### Data Encoding
1. Nominal/OHE Encoding
2. Label and Ordinal Encoding
3. Target Guided Ordinal Encoding

In machine learning it refers to the process of converting data from one format or structure to another, primarily to make it compatible with machine learning. This is praticularly crucial for handling categorical data, which represents variables that fall into distinct categories, as most machine learning models require numerical input.

## Nominal/OHE Encoding
One hot encoding, also known as nominal encoding, is a technique used to represent categorical data as numerical data, which is more suitable for machine learning algorithms. In this technique, each category is represented as a binary vector where each bit corresponds to a unique category.
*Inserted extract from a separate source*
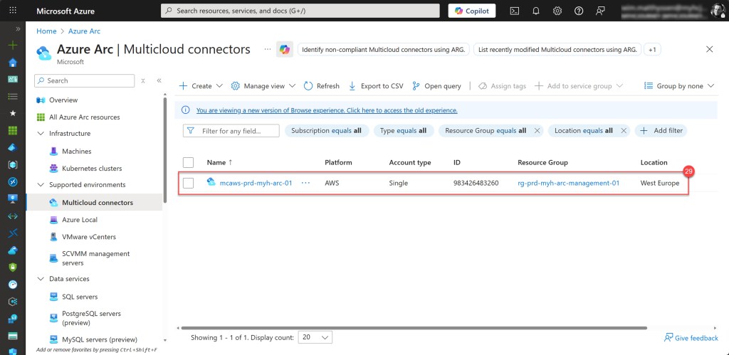 Once configured*, the connector provides a centralized and consistent approach to managing, monitoring, and governing resources in AWS and GCP alongside your Azure and Arc-enabled resources. This helps simplify operations and supports scenarios such as cloud-to-cloud migrations and unified governance.

For example, if we have a categorical variable "color" with three possible values (red,green,blue), we  can represent it as one hot encoding as follows:
1. Red : [1, 0, 0]
2. Green : [0, 1, 0]
3. Blue : [0, 0, 1]

# Disadvantage
- When a categorical variable has many unique values (high cardinality), one-hot encoding creates many new features, significantly increasing the dimensionality of your dataset.
- Sparse data : The resulting matrices are often sparse, meaning they contain mostly zeros. This can be inefficient for some machine learning algorithms to process.
- The increased number of features and sparse data lead to higher computational costs and increased memory usage, which can slow down model training and inference.
- One-hot encoding treats each category as independent, failing to capture any inherent relationship or order between them.
- For small datasets, the increased number of features from one-hot encoding can make models more prone to overfitting, where the model learns the training data too well and performs poorly on new data.
- The technique doesn't scale well to very large vocabularies or features with a vast number of categories, making it impractical for certain large-scale applications.

In [1]:
import pandas as pd
from sklearn.preprocessing import OneHotEncoder

In [2]:
## Create a simple dataframe
df = pd.DataFrame({
    'color': ['red', 'blue', 'green', 'red', 'blue']
})

In [3]:
df.head()

Unnamed: 0,color
0,red
1,blue
2,green
3,red
4,blue


In [9]:
## create an instance of Onehotencoder
encoder = OneHotEncoder()

In [10]:
## perform fit and transform
encoded = encoder.fit_transform(df[['color']]).toarray()

In [11]:
encoder_df = pd.DataFrame(encoded,columns=encoder.get_feature_names_out())

In [12]:
encoder_df.head()

Unnamed: 0,color_blue,color_green,color_red
0,0.0,0.0,1.0
1,1.0,0.0,0.0
2,0.0,1.0,0.0
3,0.0,0.0,1.0
4,1.0,0.0,0.0


In [14]:
## for new data
encoder.transform([['blue']]).toarray()



array([[1., 0., 0.]])

In [17]:
pd.concat([df,encoder_df],axis=1)

Unnamed: 0,color,color_blue,color_green,color_red
0,red,0.0,0.0,1.0
1,blue,1.0,0.0,0.0
2,green,0.0,1.0,0.0
3,red,0.0,0.0,1.0
4,blue,1.0,0.0,0.0


In [20]:
import seaborn as sns
df = sns.load_dataset('tips')

In [22]:
df.head()

Unnamed: 0,total_bill,tip,sex,smoker,day,time,size
0,16.99,1.01,Female,No,Sun,Dinner,2
1,10.34,1.66,Male,No,Sun,Dinner,3
2,21.01,3.5,Male,No,Sun,Dinner,3
3,23.68,3.31,Male,No,Sun,Dinner,2
4,24.59,3.61,Female,No,Sun,Dinner,4


In [21]:
enc = OneHotEncoder()

In [25]:
encode = enc.fit_transform(df[['sex']])